The two loads are concatenated into a 128-bit word and the final unaligned
data is extracted (and sign extended if the ldx
form was used).
- Special corner case for when the actual user address (ra
+ rb) did not actually require any
bytes in the 8-byte range loaded by the ld.hi
uop (i.e. the load was contained entirely within the low 64-bit aligned
chunk). Since it is perfectly legal to do an unaligned load to the
very end of the page such that the next 64 bit chunk is not mapped
to a valid page, the ld.hi uop does not actually
access memory; the entire result is extracted from the prior ld.lo
result in the rc operand.
Exceptions:
- UnalignedAccess if the address (ra
+ rb) is not aligned to an integral
multiple of the size in bytes of the load. Unaligned loads (ld.lo
and ld.hi) do not generate this exception.
Since x86 automatically corrects alignment problems, microcode must
handle this exception as described in Section 5.6.
- PageFaultOnRead if the virtual address (ra
+ rb) falls on a page not accessible
to the caller in the current operating mode, or a page marked as not
present.
- Various other exceptions and replay conditions may exist depending
on the specific processor core model.
st
Store
| Mnemonic |
Syntax |
Operation
st |
Notes:
- The PTLsim store unit model is described in substantial
detail in Section 22.1; this section only gives
an overview of the store uop semantics.
- The st family of uops prepares values
to be stored to the virtual address specified by the sum ra
+ rb.
- The sfra operand specifies the store
forwarding register (a.k.a. store buffer) to merge the data to be
stored (the rc operand) into. The inherited
SFR may be determined dynamically by querying a store queue or can
be predicted statically, as described in 22.1.
- Store uops only generate the SFR for tracking purposes; the
cache is only written when the SFR is committed.
- The store uop may issue as soon as the ra
and rb operands are ready, even if
the rc and sfra operands
are not known. The store must be replayed once these operands become
known, in accordance with Section 22.2.
- Store uops do not generate any other condition code flags
Unaligned Store Support:
- The processor supports unaligned stores via a pair of st.lo
and st.hi uops; an overview can be found
in Section 5.6. The alignment type
of the load is stored in the uop's cond field (0 = st,
1 = st.lo, 2 = st.hi).
- Stores are handled in a similar manner, with st.lo
and st.hi rounding down and up to store parts of the
unaligned value in adjacent 64-bit blocks.
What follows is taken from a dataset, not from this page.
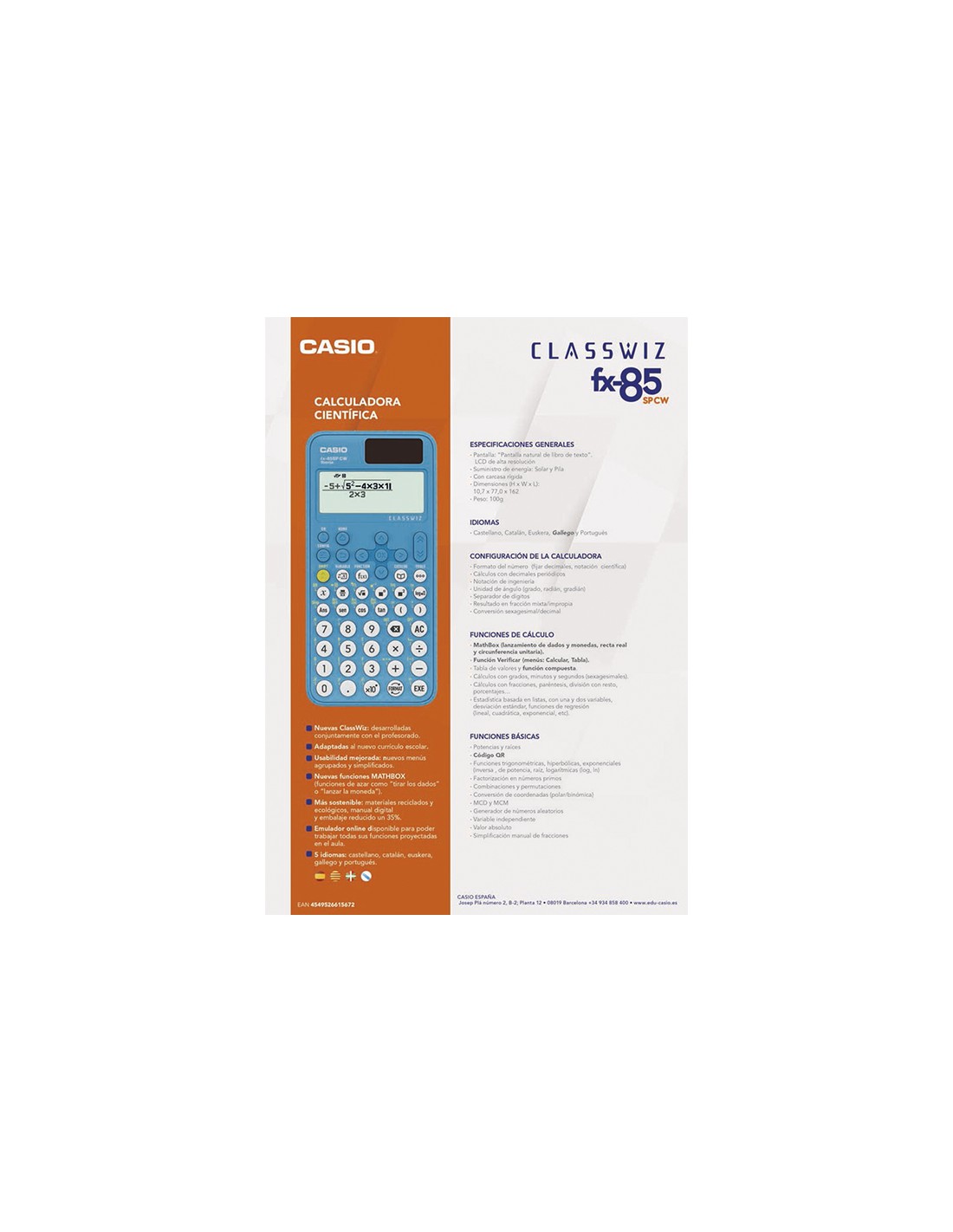 Calculadora Científica FX-85SP CW. Texto matemático natural. Pantalla LCD. +300 funciones, simplificación fracciones, cálculos fraccionarios, división entera, MCD, MCM, números primos. Con tapa. 6 líneas. 5 idiomas. Solar/Pila.

- The st.lo uop rounds down its effective
address
to the nearest 64-bit
boundary and stores the appropriately aligned portion of the rc
operand that actually falls within that range of 8 bytes. The ld.hi
uop rounds
up to the next 64-bit
boundary and similarly stores the appropriately aligned portion of
the rc operand that actually falls within
that high range of 8 bytes.
- Special corner case for when the actual user address (ra
+ rb) did not actually touch any
bytes in the 8-byte range normally written by the st.hi
uop (i.e. the store was contained entirely within the low 64-bit aligned
chunk). Since it is perfectly legal to do an unaligned store to the
very end of the page such that the next 64 bit chunk is not mapped
to a valid page, the st.hi uop does not actually
do anything in this case (the bytemask of the generated SFR is set
to zero and no exceptions are checked).
Exceptions:
- UnalignedAccess if the address (ra
+ rb) is not aligned to an integral
multiple of the size in bytes of the store. Unaligned stores (st.lo
and st.hi) do not generate this exception.
Since x86 automatically corrects alignment problems, microcode must
handle this exception as described in Section 5.6.
- PageFaultOnWrite if the virtual address (ra
+ rb) falls on a write protected
page, a page not accessible to the caller in the current operating
mode, or a page marked as not present.
- LoadStoreAliasing if a prior load is found
to alias the store (see Section 22.2.1).
- Various other exceptions and replay conditions may exist depending
on the specific processor core model.
ldp ldxp
Load from Internal Microcode Space
| Mnemonic |
Syntax |
Operation
ldp |
Notes:
- The ldp and ldxp
uops load values from the internal PTLsim address space not accessible
to x86 code. Typically this address space is mapped to internal machine
state registers (MSRs) and microcode scratch space. The internal address
to access is specified by the sum ra + rb.
The ldp form zero extends the loaded value,
while the ldxp form sign extends the loaded
value to 64 bits.
- Load uops do not generate any other condition code flags
- Internal loads may not be unaligned, and never stall or generate
exceptions.
stp
Store to Internal Microcode Space
| Mnemonic |
Syntax |
Operation
stp |
Notes:
- The stp uop stores a value to the
internal PTLsim address space not accessible to x86 code. Typically
this address space is mapped to internal machine state registers (MSRs)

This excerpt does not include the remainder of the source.